Wednesday 21 October 2020


Gajalakshmi Paramasivam

21 October  2020



Separation of Powers between Religions

As per my learning, philosophy could be Scientific, Ethical or Divine. Likewise, the written law. In civilised structures the gap between Science and Divinity is narrow. Our true belief is our divinity. Ethics is a combination of the two. Where the gap is wide, one needs firm separation of powers. Hence the Doctrine of Separation of powers between the Judiciary and the Executive which also contribute to law making. In Sri Lanka, due to Article 9 of the constitution,  this Separation Powers is mandatory between religions.
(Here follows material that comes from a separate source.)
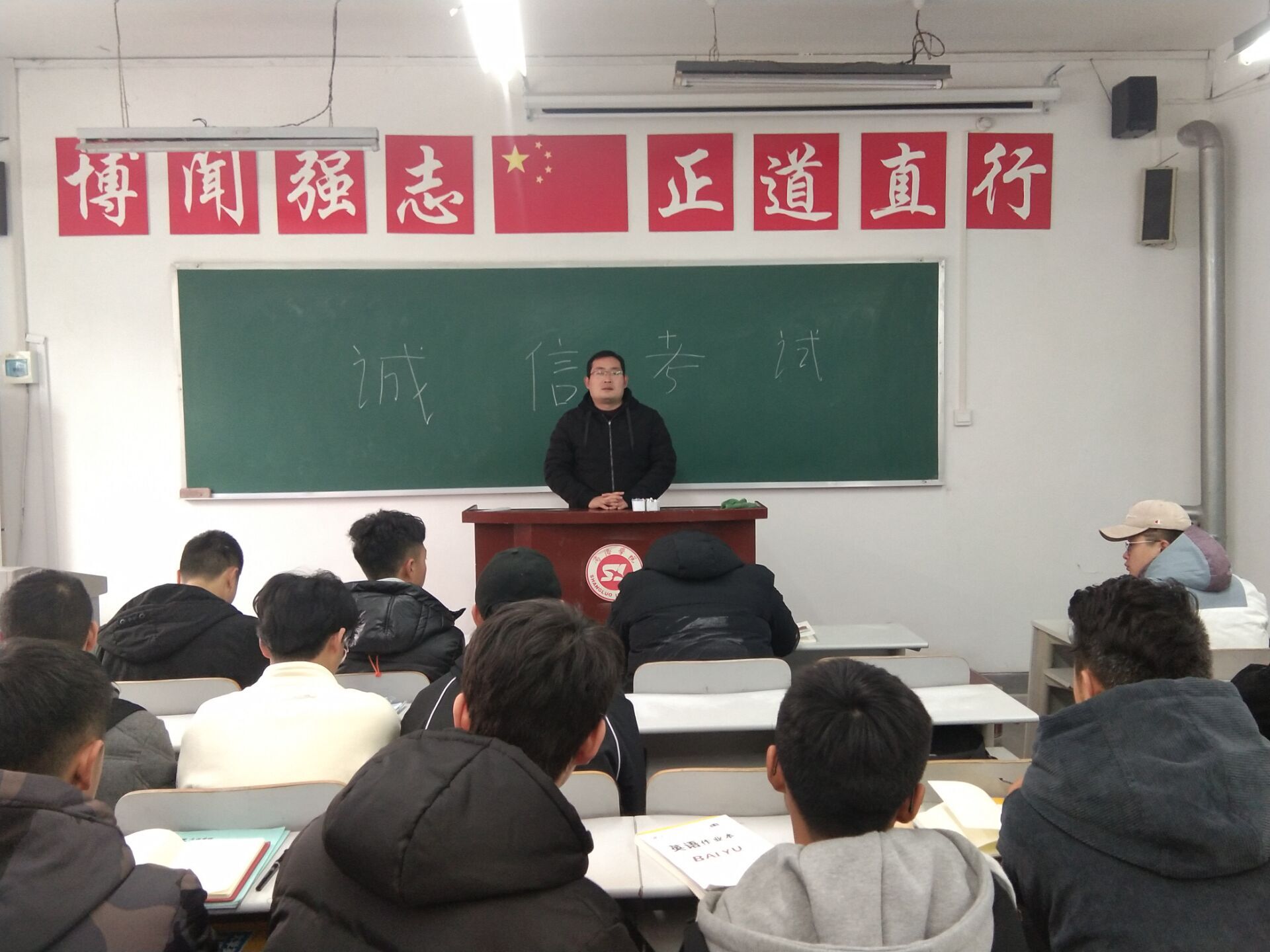 为端正考纪考风,号召同学们在即将到来的大学英语四六级考试和期末考试中牢固树立诚信意识,杜绝考试作弊,12月11日-12日,英国上市公司365各班分别在二号教学楼各相关教室召开诚信考试动员会。辅导员沈光美、唐龙龙、任艳和学工办主任陈倩老师分别主持召开各自所带班级的诚信考试动员会。

Yesterday, in response to my article ‘Universal Franchise is the People a close member of my family bound by many generations of commonness forwarded to me a clip of a discussion between attorney at law Ms Lihini Fernando and Mr Shameer Rasooldeen of News 1st, on the proposed 20th Amendment to the Sri Lankan Constitution. In many ways Ms Fernando was voicing my thoughts in terms of there being no need for the 20th Amendment because the government had overwhelming majority. However, the basis of our thoughts are different. As Attorney at law, Ms Fernando had the responsibility to scientifically balance her expressions. As a lay person driven by Belief, mine is clean of unpractised science of law. Where our expressions are more common than being diverse, we do not need separation of powers. Where there is less commonness area – we do need separation of powers. Likewise in the case of the current Sri Lankan government and the Judiciary.

As per AP news headed ‘Sri Lanka court: Constitutional amendment needs referendum’:

[The Supreme Court’s ruling, announced Tuesday by the parliamentary speaker, said that proposed sections that relieve the president from being responsible to Parliament and give him immunity from lawsuits and the power to dissolve Parliament a year after parliamentary elections are against public sovereignty.

The court said that a referendum would be required if the sections are not appropriately changed.]


I have been claiming that anyone who is entitled to use governing power is immune from lawsuits. The 19th Amendment to the Constitution recognized this through facilitating Fundamental Rights legal actions against the President.  The reason for my claim  is that Belief is absolute power. Absolute power is self-balancing and like the Coronavirus is exponential in its spread. Hence the saying by Lord Acton, Dr of Laws, ‘Power tends to corrupt, and absolute power corrupts absolutely’. Coronavirus whose spread is exponential, is a current example of this.


Belief could be positive or negative. If it is negative to majority in a country that claims to be sovereign, there needs to be visible separation between the positives and negatives so they would be active as the two poles. In a democracy Sovereignty of the whole is determined by the sovereignty of the smallest independent group. The adversarial system is based on this. Hence Equal status to leading Opposition in Parliament.  In terms of this government, religious minorities who strongly believe in their own religions are negatives and v.v. The positive value of this is the diversity that it carries. With it comes the  responsibility to have separate articles that are applicable to non-Buddhists – as covered in Article 9 which includes responsibility to assure rights under Articles 10 and 14(1)(e).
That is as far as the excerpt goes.